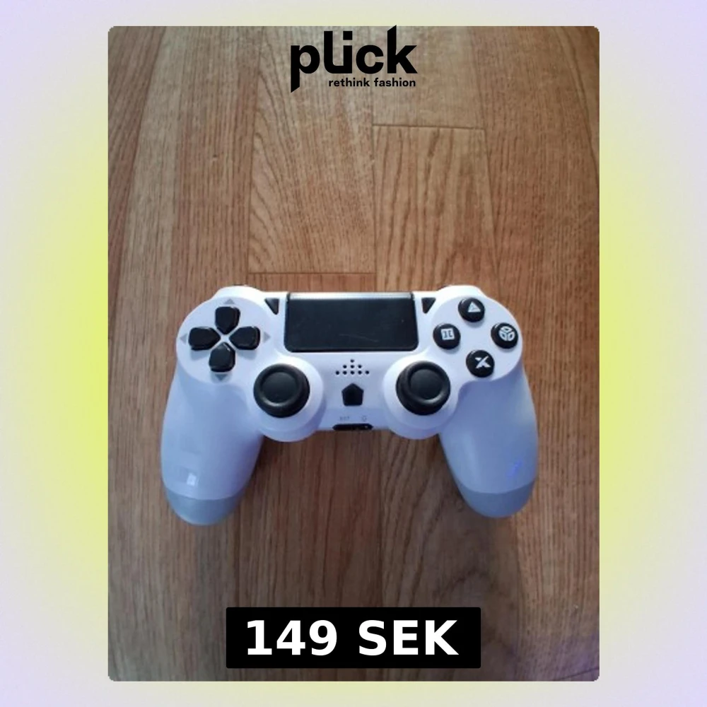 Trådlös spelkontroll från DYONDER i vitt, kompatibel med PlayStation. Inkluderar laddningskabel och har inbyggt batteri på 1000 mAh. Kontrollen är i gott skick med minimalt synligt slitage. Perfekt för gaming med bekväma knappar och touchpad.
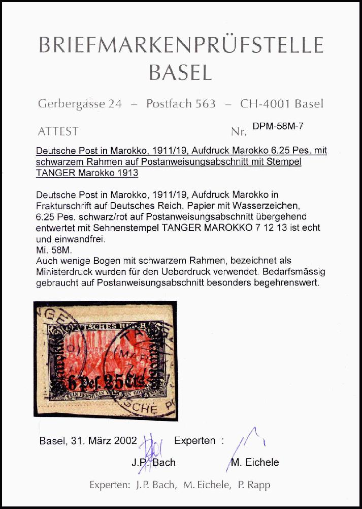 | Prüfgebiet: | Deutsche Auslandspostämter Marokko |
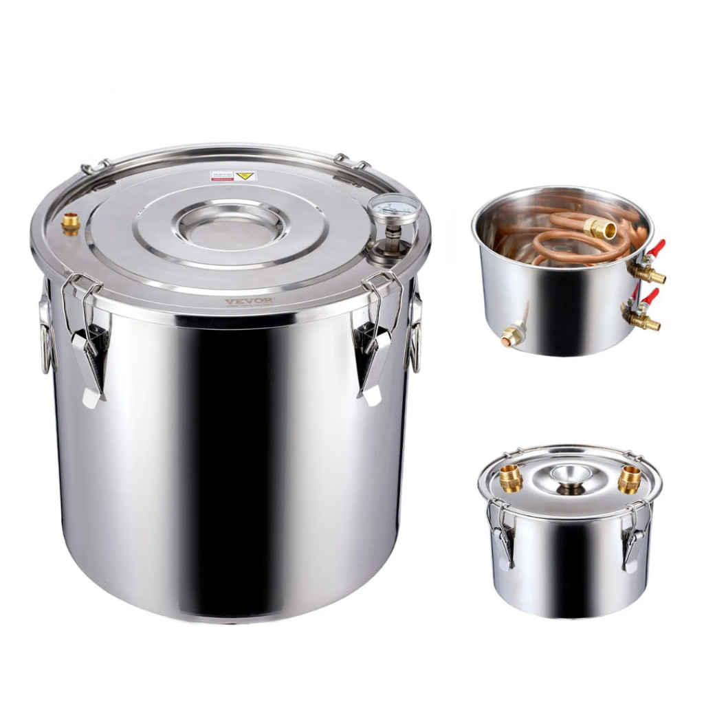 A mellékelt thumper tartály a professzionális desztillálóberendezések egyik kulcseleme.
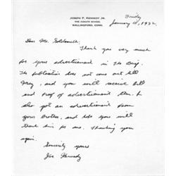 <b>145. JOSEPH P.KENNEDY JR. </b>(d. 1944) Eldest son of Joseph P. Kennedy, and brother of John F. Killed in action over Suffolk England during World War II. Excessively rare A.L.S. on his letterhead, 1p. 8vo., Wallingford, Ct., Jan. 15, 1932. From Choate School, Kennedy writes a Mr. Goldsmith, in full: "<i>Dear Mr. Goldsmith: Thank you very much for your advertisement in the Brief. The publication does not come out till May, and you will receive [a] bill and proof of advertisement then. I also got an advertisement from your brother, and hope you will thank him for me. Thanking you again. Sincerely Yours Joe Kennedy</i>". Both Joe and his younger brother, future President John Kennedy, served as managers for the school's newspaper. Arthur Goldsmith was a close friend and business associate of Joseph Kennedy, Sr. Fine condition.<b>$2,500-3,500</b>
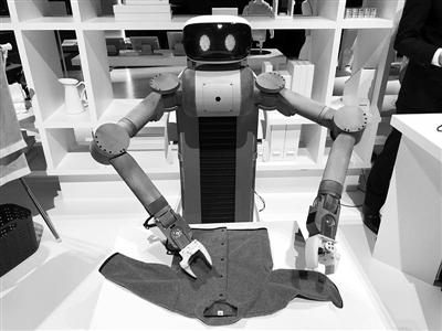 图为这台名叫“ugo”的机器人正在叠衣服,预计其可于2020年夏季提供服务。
= = = =
What you are asked to do
What you write must match the listing exactly, from the line with "Auslandspostämter Marokko |" up to and including the line with "A mellékelt thumper". Pictures stay out.

Result below
 | Prüfgebiet: | Deutsche Auslandspostämter Marokko |
 A mellékelt thumper tartály a professzionális desztillálóberendezések egyik kulcseleme.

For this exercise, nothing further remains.